Abstract
Background
The existing dogma that the former term ovarian "germinal epithelium" resulted from a mistaken belief that it could give rise to new germ cells is now strongly challenged.
Discussion
Two years ago, a research group of the University of Tennessee led by Antonin Bukovsky successfully demonstrated the oogenic process from the human ovarian covering epithelium now commonly called the ovarian surface epithelium. They showed the new oocyte with zona pellucida and granulosa cells, both originated from the surface epithelium arising from mesenchymal cells in the tunica albuginea, and stressed that the human ovary could form primary follicles throughout the reproductive period. This gives a big impact not only to the field of reproductive medicine, but also to the oncologic area. The surface epithelium is regarded as the major source of ovarian cancers, and most of the neoplasms exhibit the histology resembling müllerian epithelia. Since the differentiating capability of the surface epithelium has now expanded, the histologic range of the neoplasms in this category may extend to include both germ cell tumors and sex cord-stromal cell tumors.
Summary
Since the oogenic capability of ovarian surface cells has been proven, it is now believed that the oocytes can originate from them. The term "germinal epithelium", hence, might reasonably be reinstated.
Background
Unlike the avian ovary, where the follicles containing a large yolky egg look like a cluster of yellowish grapes, the human ovary is solid in structure, amygdaloid in shape, grayish white in color, and the follicles are usually invisible through the surface. Since the intraovarian follicle was firstly identified by Reinier De Graaf in 1672 [1], the origin of human oocyte has been disputed. Two opposing views have been known regarding the source of oocytes: (1) that they arise in the yolk sac [2–5], or (2) that they arise in the gonadal tissue itself [6–11]. The former view had gotten public consensus until the astonishing works by Bukovsky et al. on the capability of ovarian covering tissue to produce new oocytes in adult human females were published [12–15].
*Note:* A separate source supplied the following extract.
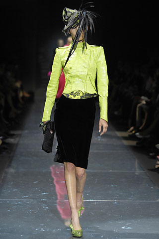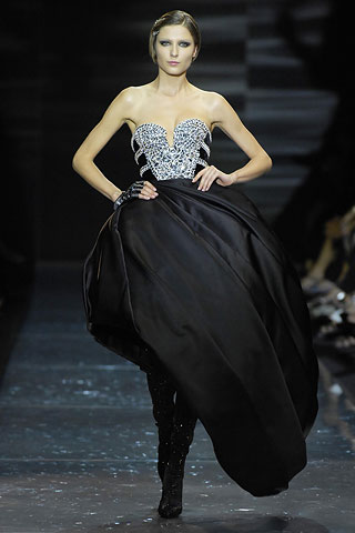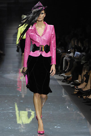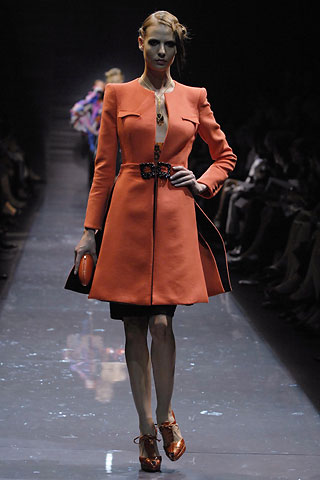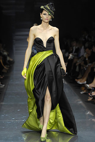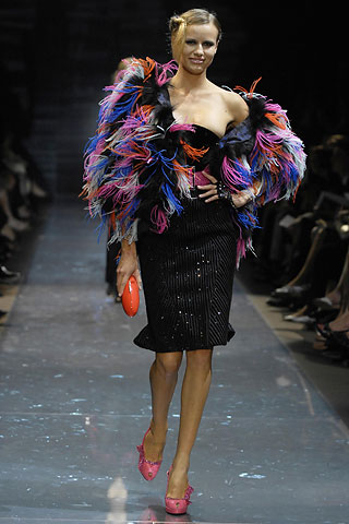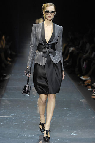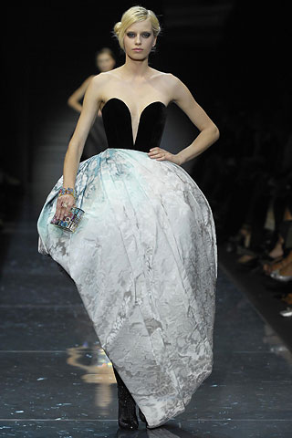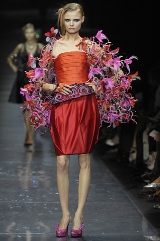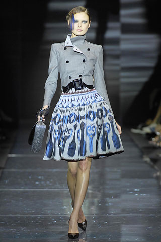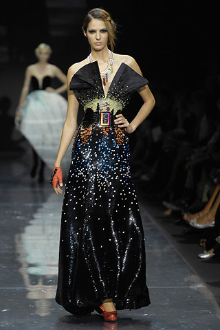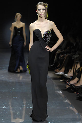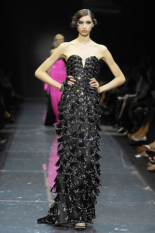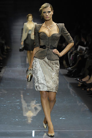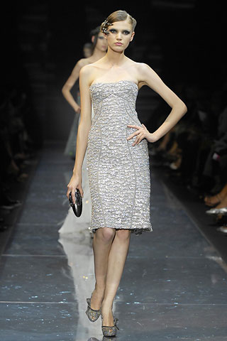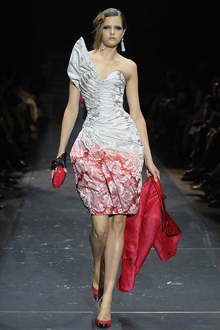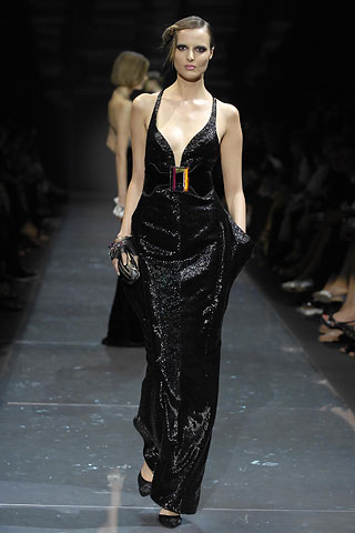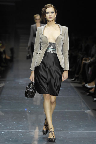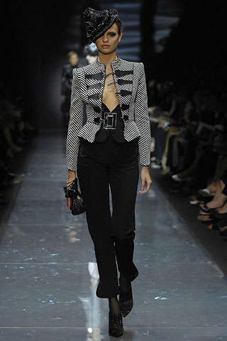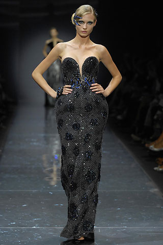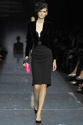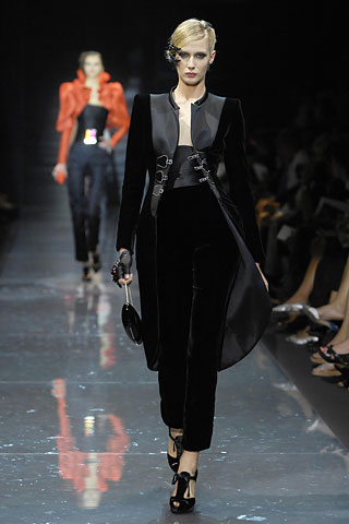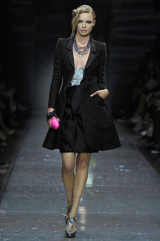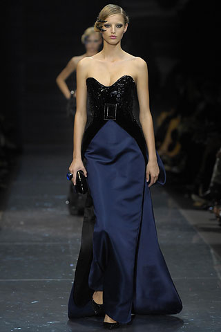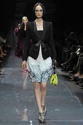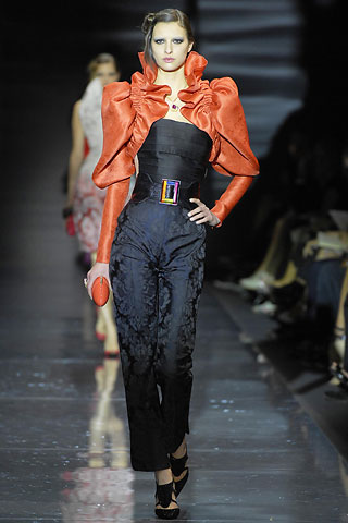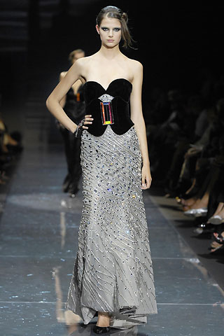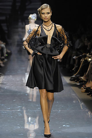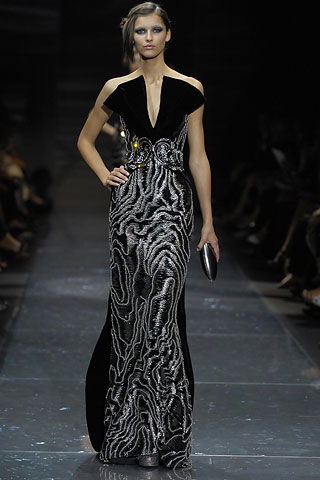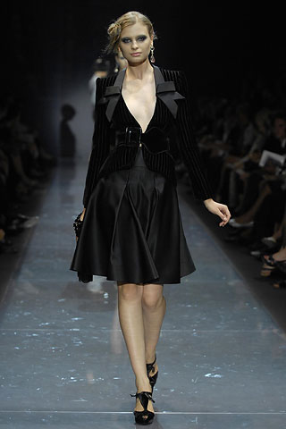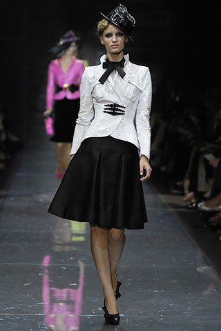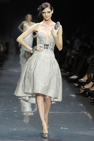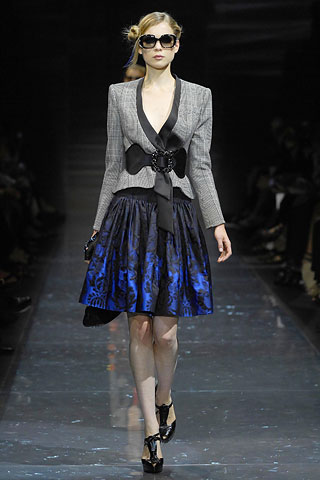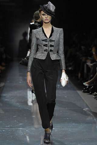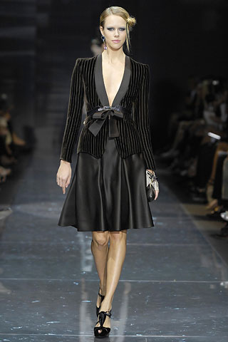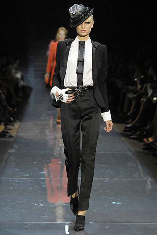 That a woman as self-possessed and innately elegant as Cate Blanchett will fly to Paris to inspect the Armani Privé runway show two seasons running speaks volumes for what can be mined from Giorgio Armani's couture collection for real life. What was she picking out when she watched his "Rock Symphony" so intently? Hard to know, exactly, but by the looks of her, the close-fitting, waisted jackets and the cropped Spencers were meriting a mental note. They were shown with full, short skirts, the best in a blue silk ikat print, and when they were followed by two linear, strong-shouldered tuxedo suits with narrow pants, she probably wasn't the only woman in the room thinking, That could do me nicely.

A study of the histogenesis of ovarian components is essential to understand the oncogenesis of ovarian neoplasms. Since the ovarian covering tissue has now been revealed to have oogenic capability, the surface epithelium might be accountable as a source of germ cell tumors and sex cord-stromal cell tumors, as well as neoplasms exhibiting the müllerian histology.
Discussion
The nature of covering epithelium of the ovary is intriguing. Although only a part of peritoneal mesothelium, it proliferates to repair the minor trauma due to the ovulation, and thus has occasionally tumorigenic potential. The concept that the epithelium simulates the müllerian form in tumor formation has developed by degrees and now becomes a firm policy in the classification of ovarian cancer [16]. Although mucinous tumors are also placed in the common epithelial category, it is still disputed whether the origin of a certain group of mucinous neoplasms composed of intestinal type cells arose from germ cells, namely monophyletic teratomata.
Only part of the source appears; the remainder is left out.